**Data to use:**
══════════════════════════════
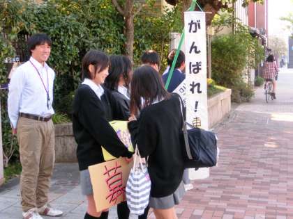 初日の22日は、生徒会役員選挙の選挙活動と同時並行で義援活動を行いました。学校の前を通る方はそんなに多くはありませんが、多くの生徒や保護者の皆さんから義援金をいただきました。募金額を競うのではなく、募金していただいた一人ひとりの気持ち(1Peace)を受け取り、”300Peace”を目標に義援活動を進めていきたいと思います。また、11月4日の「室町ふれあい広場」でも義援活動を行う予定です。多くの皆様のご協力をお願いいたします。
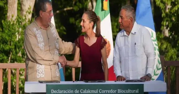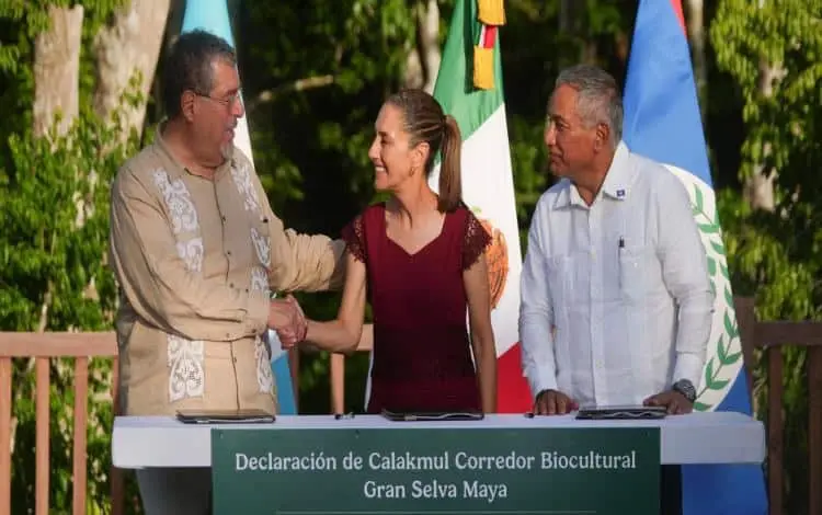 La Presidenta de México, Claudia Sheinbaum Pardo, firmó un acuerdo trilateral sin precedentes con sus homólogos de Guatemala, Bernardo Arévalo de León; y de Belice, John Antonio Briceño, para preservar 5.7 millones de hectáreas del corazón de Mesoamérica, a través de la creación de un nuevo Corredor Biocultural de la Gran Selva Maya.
══════════════════════════════
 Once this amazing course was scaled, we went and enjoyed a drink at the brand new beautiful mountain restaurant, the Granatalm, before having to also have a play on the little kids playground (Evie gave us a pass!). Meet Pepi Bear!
══════════════════════════════
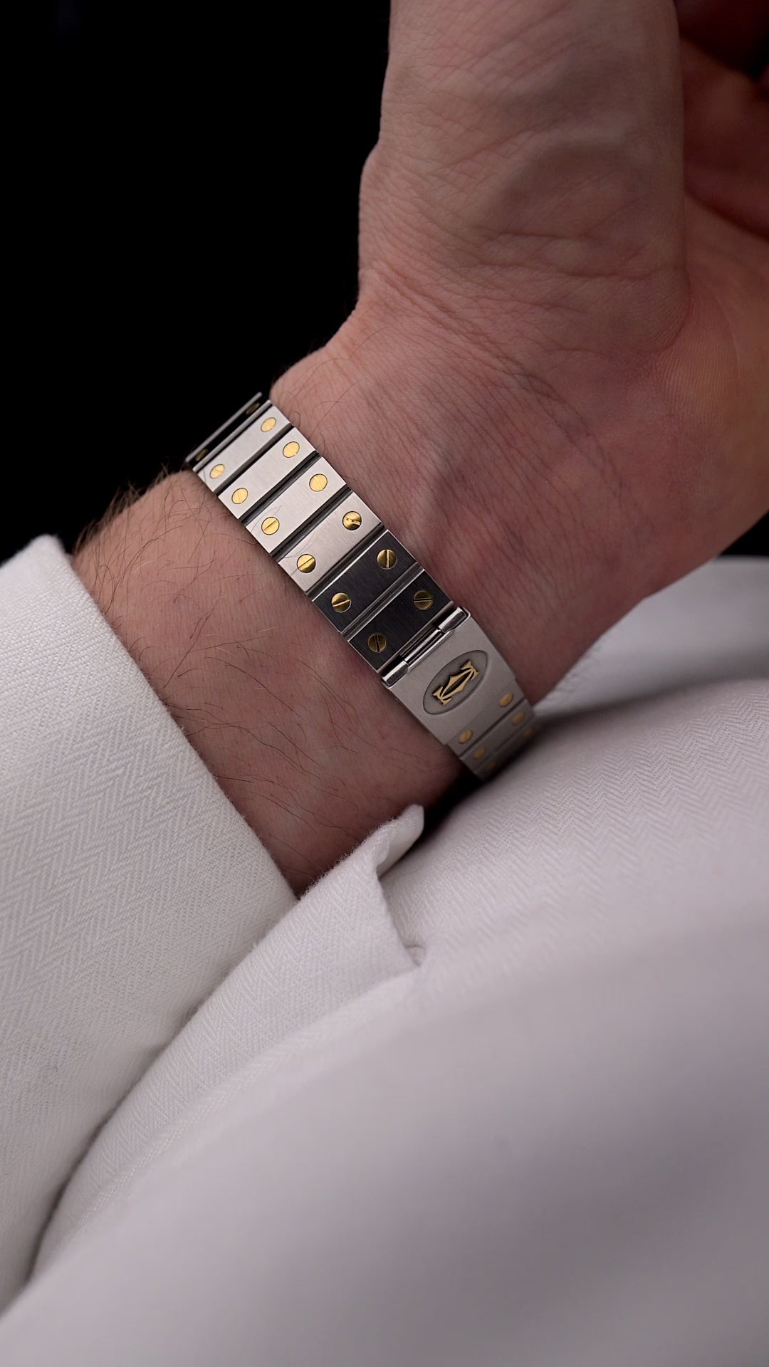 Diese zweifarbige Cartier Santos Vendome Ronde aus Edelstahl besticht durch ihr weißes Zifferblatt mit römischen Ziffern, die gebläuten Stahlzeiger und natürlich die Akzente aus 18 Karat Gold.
══════════════════════════════
**About this task:** Output exactly the stretch of the listing that begins at the line containing "初日の22日は、生徒会役員選" and ends at the line containing "La Presidenta de", both kept. Omit pictures and everything else.

**Task solution:**
 初日の22日は、生徒会役員選挙の選挙活動と同時並行で義援活動を行いました。学校の前を通る方はそんなに多くはありませんが、多くの生徒や保護者の皆さんから義援金をいただきました。募金額を競うのではなく、募金していただいた一人ひとりの気持ち(1Peace)を受け取り、”300Peace”を目標に義援活動を進めていきたいと思います。また、11月4日の「室町ふれあい広場」でも義援活動を行う予定です。多くの皆様のご協力をお願いいたします。
 La Presidenta de México, Claudia Sheinbaum Pardo, firmó un acuerdo trilateral sin precedentes con sus homólogos de Guatemala, Bernardo Arévalo de León; y de Belice, John Antonio Briceño, para preservar 5.7 millones de hectáreas del corazón de Mesoamérica, a través de la creación de un nuevo Corredor Biocultural de la Gran Selva Maya.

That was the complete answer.